The current, stable version of the GNRS package is available on CRAN, while the development version can be installed from Github using devtools.
In some cases, we may only want to standardize a single name. Say,
we’d like to check what the standardized name for the United States of
America is. Or perhaps we’d like to get the standardized name for the
Canadian province of Quebec. We can use the function
GNRS_super_simple
for this.
library(GNRS)
# Standardizing a single country
USA_standardized <- GNRS_super_simple(country = "United States of America")

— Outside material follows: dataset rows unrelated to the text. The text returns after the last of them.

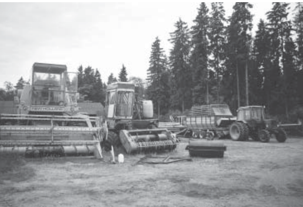
Stück für Stück wird die alte Technik ersetzt

handelt es sich um Restitutionsland, das er für 300 bis 400 Kronen je ha von Nachbarn gepachtet hat. Ein Hektar Land kostet – je nach Lage und Güte – zwischen 20 000 und 200 000 Kronen. Das Wohnhaus macht einen soliden, gepflegten Eindruck.
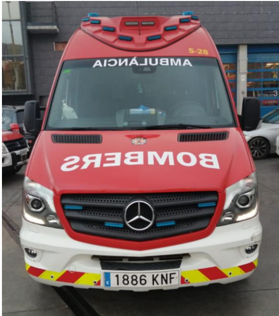
IMATGE FRONTAL ACTUAL:
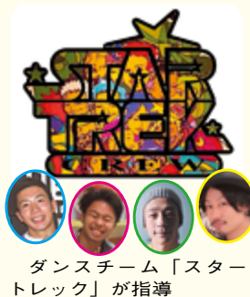
ダンスチーム「スター・トレック」が指導

遊びスポーツ(ミニトランポリン・跳び箱・マットなど) ▼スポーツラリー▼エア遊具▼パネル展▼模擬店▼プール無料開放 問合せ先=NPO法人京田辺市社会体育協会事務局(☎29-9008)
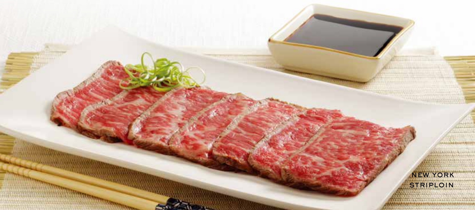
NEW YORK STRIPLOIN

お問い合わせ先：ファームランドトレーディング株式会社 東京都港区虎ノ門 3-22-1 Tel: 03-3431-4151
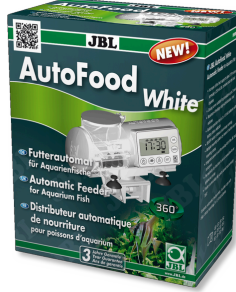
JBL AutoFood WHITE Akvaryum balıkları için beyaz yem otomati

# Take a look at the columns returned
colnames(USA_standardized)
## [1] "poldiv_full" "country_verbatim"
## [3] "state_province_verbatim" "state_province_verbatim_alt"
## [5] "county_parish_verbatim" "county_parish_verbatim_alt"
## [7] "country" "state_province"
## [9] "county_parish" "country_id"
## [11] "state_province_id" "county_parish_id"
## [13] "country_iso" "state_province_iso"
## [15] "county_parish_iso" "geonameid"
## [17] "gid_0" "gid_1"
## [19] "gid_2" "match_method_country"
## [21] "match_method_state_province" "match_method_county_parish"
## [23] "match_score_country" "match_score_state_province"
## [25] "match_score_county_parish" "threshold_fuzzy"
## [27] "overall_score" "poldiv_submitted"
## [29] "poldiv_matched" "match_status"
## [31] "user_id"
# The most useful columns in this case are country and overall_score
USA_standardized[c("country","overall_score","match_method_country")]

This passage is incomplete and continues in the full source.